現在全ての侍女達は、ウード四世と一緒に後宮にいる。そのため、ウード四世に出てきて欲しいと伝えることができない。
それに気付いた近衛騎士団長が、慌てて通信の魔法道具のある部屋まで戻り、ウード四世に謁見の間の解放を知らせたのだった。
ウード四世は、謁見の間に入ってくるとルーフェン伯爵の元に駆け寄ってきた。ルーフェン伯爵と僕は、膝をついて、ウード四世を出迎えた。

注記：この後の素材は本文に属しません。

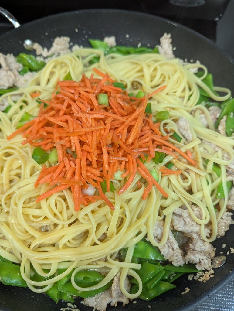 將煮好的義大利麵條、紅蘿蔔絲、青蔥、調味醬放入,拌勻
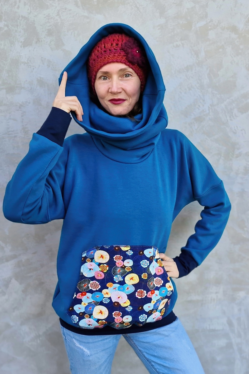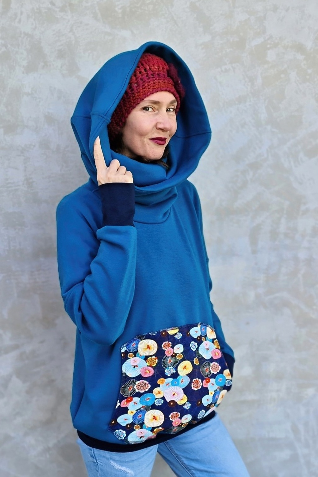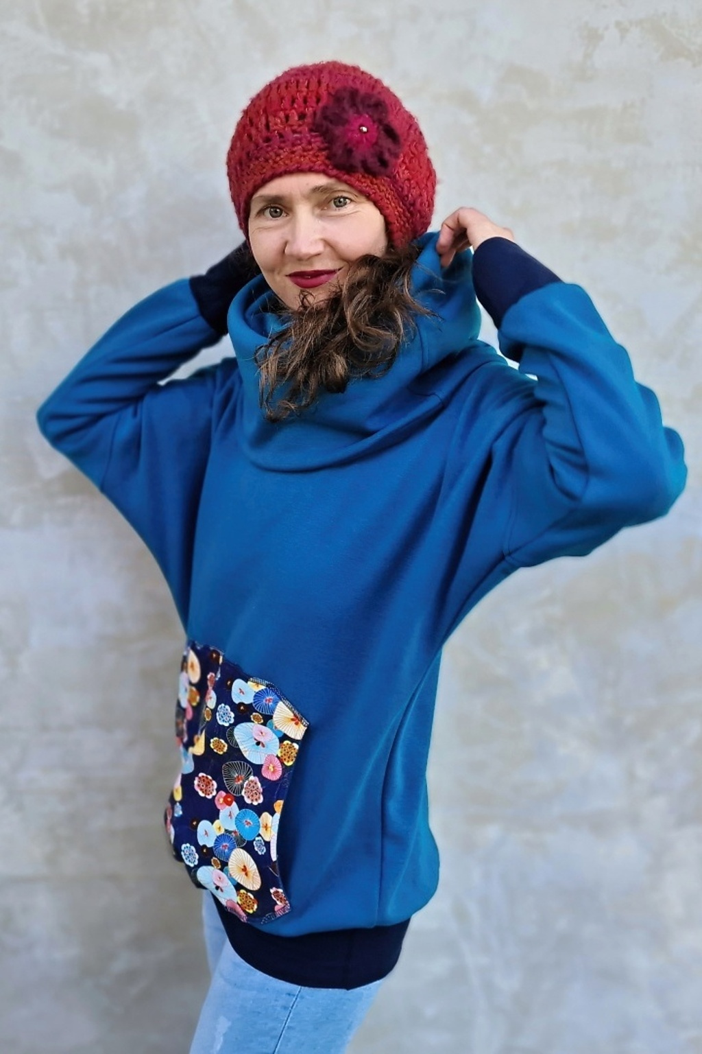 Mikinu jsem ušila z materiálu warmkeeperu - který je dokonalým společníkem na chladné dny. Vnější vrstvu tvoří odolný úplet, vnitřní strana tě bude hýčkat hebkým a hřejivým chloupkem.

「おお、ルーフェンよ無事であったか。王宮の外に治療に向かったと聞いたが、心配しておったぞ」
「御心配をおかけして申し訳ありませんでした。"大地の女神"の教会にて神聖魔法の治療を受けることができ、王宮に戻って参りました。
…ところで国王陛下、ウーゴ配下の獣人部隊が王都に進軍して来るとの情報はお聞きでしょうか。
現在王都には獣人部隊に対抗するだけの戦力がありません。砦から兵を集める時間を稼ぐために王都の門を閉じる必要がございます。
至急王都の門を閉じる許可書の発行をお願いできますでしょうか」
「国王陛下、この許可書に王印をいただけますでしょうか」
いつの間にか僕達の後ろに控えていたグレースが、王都の門を閉じるための許可書をウード四世に差し出していた。
(グレースさん、ついさっきまで人質になっていたのに…いつ許可書を作成したんだ?)
僕なら一瞬で作成できるが、人間であるグレースにそれができるわけはない。恐らく、こういうこともあろうかと、事前に用意してあったのだろうと思うことにした。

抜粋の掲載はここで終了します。